Head coach Mark Richt agrees. “We got better today,” he said in his opening remarks after Georgia’s loss to Arkansas Saturday.
So that’s how it is now in Athens. We don’t measure wins and losses. We calibrate getting better. The way rebuilding programs do.
But there’s more. “It’s not like we’ve played two soft teams,” Richt continued. “Arkansas is very good. They got the job done, and we didn’t. We made a lot of progress, but we’ve got to finish.”
Whoa. Once upon a very short time ago, Georgia was a very good team. Georgia used to get the job done, and their opponents didn’t.
Once upon a time, Richt’s teams always finished their comebacks. They’ve completed no fewer than 18 fourth quarter comebacks during his nine-year tenure.
Which reminds us that Richt, the dean of SEC coaches, is to a certain extent a victim of his own success. He’s one of seven coaches to win two SEC titles in his first five years. One of five to post four straight 10-win seasons. He has the third best winning percentage among active coaches.
So, really, Georgia shouldn’t be playing at Mississippi State’s level.
The fear felt by Georgia fans, that once the Dogs fall they’ll be down for a while, is real and tangible, and goes back decades, generations.
Coach Wally Butts won three SEC championships in the 40s, but languished throughout most of the 50s. Vince Dooley’s early 80s dynasty fell off slightly, as each of his last five teams lost at least three games.
Once Ray Goff finished taking the program down another notch or two, the rebuilding job was more formidable than Jim Donnan could master.
Once you fall, it’s hard to get back up. Once you lose that aura of invincibility, that feeling of walking on the field knowing you’re going to win, it takes a stretch of seasons like Richt reeled off from 2002 through 2008 to recapture that feeling.
The only Richt teams to lose more than three games in a season have been ones where he was breaking in a new quarterback: David Greene in 2001, Matthew Stafford in 2006, and Joe Cox last year.
So, expectations for a championship season in 2010, with freshman Aaron Murray at quarterback, were clearly unrealistic.
But opening with SEC losses to South Carolina and Arkansas doubtless made the situation look darker than it is. Those losses appear to kick Georgia out of the SEC penthouse.
Certainly A. J. Green would have been a nice, imposing security blanket for Murray during his SEC baptism. We might have seen less hesitation on Murray’s part.
And while Georgia has myriad talented receivers, none have Green’s presence, or demand the defense’s attention.
Thus, the talented Georgia line faces defensive fronts daring Murray to beat them. And this is irksome for two reasons. The Other Running Back has been missing all season, and coordinator Mike Bobo rarely makes a full commitment to the running game.

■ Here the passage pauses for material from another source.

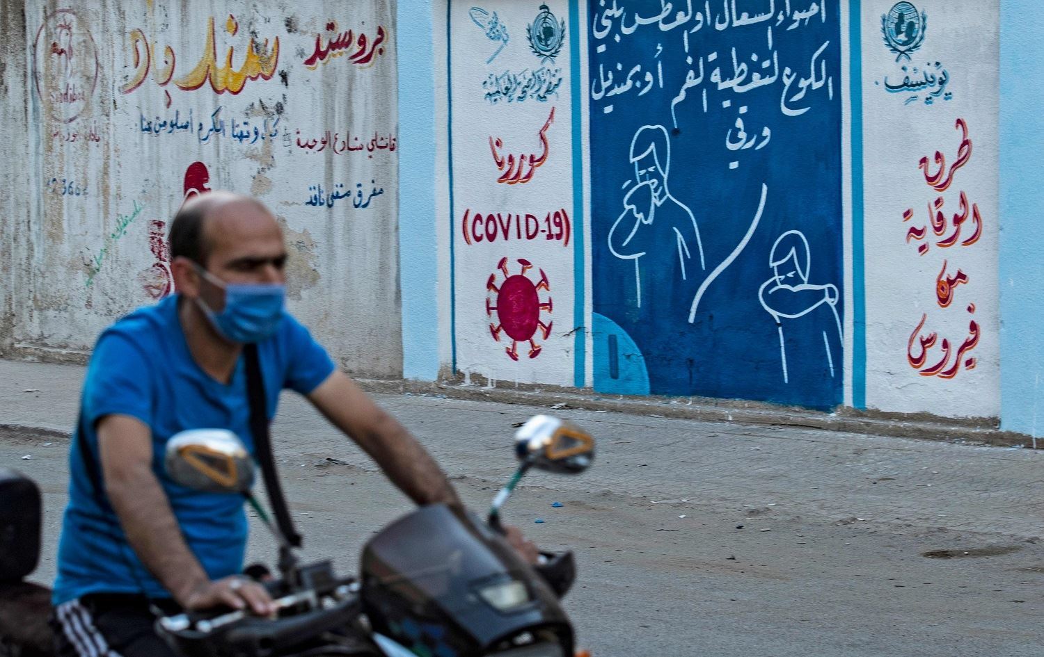 A motorcyclist rides by a mural painted as part of an awareness campaign about the coronavirus in Qamishli in August 2020. File photo: Delil Souleiman/AFP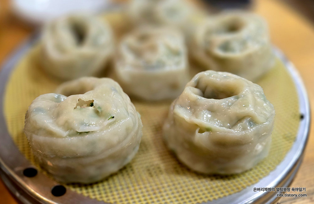 갓 쪄낸 왕만두는 한입에 먹기에는 무리입니다.

Based upon how Richt’s other quarterbacks have developed, I’m inclined to believe that Georgia’s offense will improve dramatically, and in short order.
Richt thinks so, too. “If we stick together, which I believe we will, and keep working, we’ll improve as we go,” he said Saturday.

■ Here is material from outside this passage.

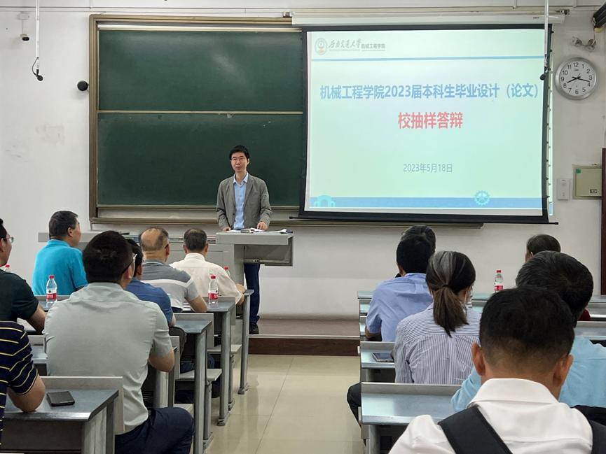 2023年5月18日上午,2023届本科生毕业设计(论文)校抽样答辩在犀浦校区七号教学楼顺利举行。公司党委书记袁艳平,副经理田怀文,质保委主任程文明,质保委副主任杨美传,各系所主任、专业负责人及答辩员工指导教师参加了本次答辩。

The defense? Here we confront an entirely new scheme, and an unknown quantity in new coordinator Todd Grantham.
It may take a while for the Dogs to be able to play in this defense without having to think so much — and think incorrectly. And it may require a mountainous nose tackle as well.
But the new defense encountered two of the SEC’s most creative offensive masterminds in its first two games, and it’s still an improvement over Willie’s Sieve.
And if you ever hear Grantham on the sideline, or at practice, or in the locker room before a game, you get the feeling that he’s up to the task of building a championship defense.
September will be the longest month of this season. But no long down cycle awaits. We’ve seen the worst of these Dogs.